As consumer protection concerns have developed, regulatory scrutiny of Buy Now, Pay Later has followed naturally. Increasingly, global regulators are focusing on credit checks, transparency, and education.
And as some analysts, such as S&P Global, have remarked, such investigation creates a window of opportunity for sellers and banks to enter the market after they have lost billions of dollars in annual income to pure-play Buy Now Pay Later suppliers.
Knowing more about their customers enables sellers to provide a variety of BPNL options. One example is “pay later” services, in which merchants can retroactively offer customers the option to convert qualified past transactions into a Buy Now Pay Later loan. Such a retrospection would benefit people struggling with cash flow while enabling the seller to limit default risk by picking only those with pre-underwritten credit risk.
When this customer data is used by an AI engine that is clear and easy to understand, instead of a “black box,” the chance of doing good is even higher.

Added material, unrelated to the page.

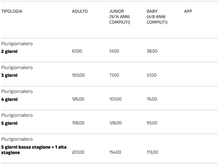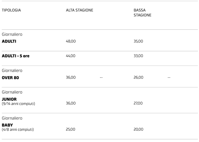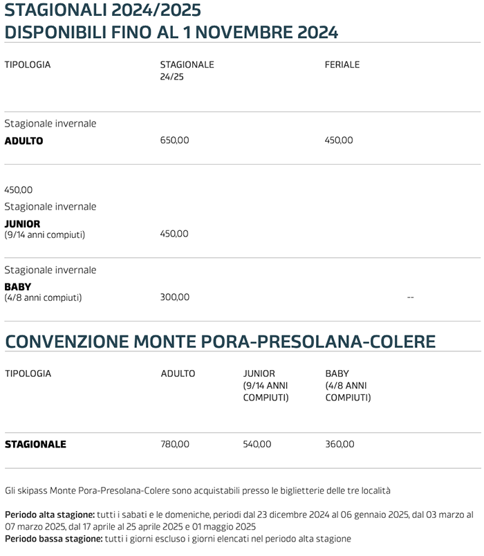 Skipass Plurigiornaliero Bassa Stagione Colere 2024/2025

In a typical online purchase scenario utilizing AI-powered BNPL services, for instance, the consumer is presented with the BNPL payment option at checkout. The seller has predetermined a variety of Buy Now, Pay Later “flavors” (instalment amount, frequency, duration, and interest rate). At this point, the client will be given AI-based predictions of how much money they will have to spend in the future, such as their expected net disposable income.
These estimates are accompanied by simple-to-understand explanations that highlight the primary causes underlying the calculated amount. Customers can also obtain tips regarding budgeting changes they need to make in order to better afford the various BNPL alternatives. As a consequence, all parties benefit.
This beneficial use of customer data enables BNPL to serve as an extra revenue source for sellers and banks while reducing delinquency and compliance concerns and fostering customer loyalty. In addition, by selling BNPL directly under their brand, retailers may engage with digital-native, Gen Z clients who are heavy users of Buy Now Pay Later and who are otherwise difficult to contact. And for the customer, it keeps the BNPL experience smooth and helps them make well-informed spending decisions, which counteracts the natural biases that come with human behavior.
Consequently, explainable AI can unlock the future sustainability of this growth, just as digital technology permitted the market’s current growth level. It is a wonderful illustration of how technology can be used to enhance banking.
Conclusion
Consumers want a seamless and transparent experience when it comes to online shopping, and BNPL provides them with just that. BNPL allows customers to make purchases on credit rather than cash by extending their payment period for up to 42 days after delivery and BNPL enables extra revenue streams for merchants and banks, which develops customer loyalty and trust while controlling delinquency and compliance issues. As e-commerce continues to grow, so does the need for new business models and services.
BNPL is one of these models, and it is set to bring e-commerce into the AI era with its flexible and transparent payment options. When the world was first introduced to e-commerce, it was almost unrecognizable compared to how it looks today. But even though the industry has undergone significant changes, one thing that has remained constant is the need for new and improved payment models. When all said and done, BNPL is helping to advance e-commerce in a number of ways.